Center Twp. District 14

Whitely

Photo taken April 29, 2021. From the author’s collection.

The United States government granted James Howell the property that the Whitely schoolhouse would later sit on in 1833. Nearly sixty years later, the Whitely Land Company awarded the Center School Township block 42 for the construction of a schoolhouse48

In 1901, Center Township combined the District 11 Boyceton school -a structure that the township didn’t own and had become unsuitable for school purposes48– with the District 14 school. By 1903, the Whitely school was the township’s largest in terms of number of students50. Attendance kept growing: In 1905, a new structure, known as Longfellow51, opened three blocks west of the old schoolhouse, at the southwest corner of the present-day Doctor M.L.K. Jr. Boulevard and East Highland Avenue. That year, around forty pupils from the District 1 Priest College school were sent to Whitely, as were students from District 7 Riverside who had previously gone to the shuttered Hamilton Township District 10 school, a joint operation between the Hamilton and Center townships52

The Longfellow school ceased operations as a Center Township schoolhouse prior to the 1919-20 school year53 after Muncie annexed the Whitely area in 1918. In 1928, the Shaffer Chapel AME Church purchased the abandoned schoolhouse from the Muncie Community School Board for $3,50054. The church has altered and improved the building over the years and, as a house of worship, it’s become historic in its own right.

References

  1. Whitely, Indiana.

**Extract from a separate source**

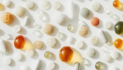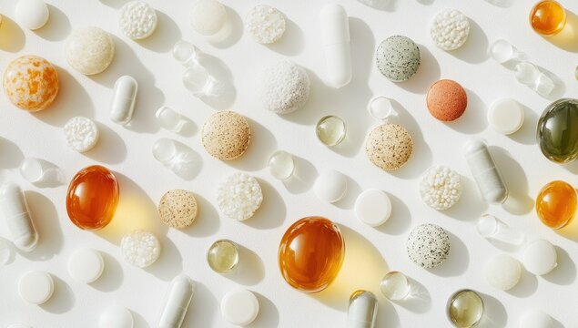 Visual display of assorted dietary supplements and vitamins in a jar on a soft blue background

Our Churches Are Our Community (2016). Jacket Copy Creative. https://whitelycc.files.wordpress.com/2012/01/whitelyhistory_churches.pdf. . Retrieved September 2, 2021.
  2. The consolidating of Delaware County schools progresses. (1903, June 28). The Muncie Morning Star. p. 9.
  3. (See footnote 14).
  4. (See footnote 16).
  5. (See footnote 2). 
  6. Delaware County Public Schools. (1919). School directory, Delaware County public schools, Delaware County, Indiana 1919-1920. Muncie, IN. 
  7. Satterfield, Ed. (1992, September 6). African Americans have long history in religious community. The Muncie Star. p. 5D.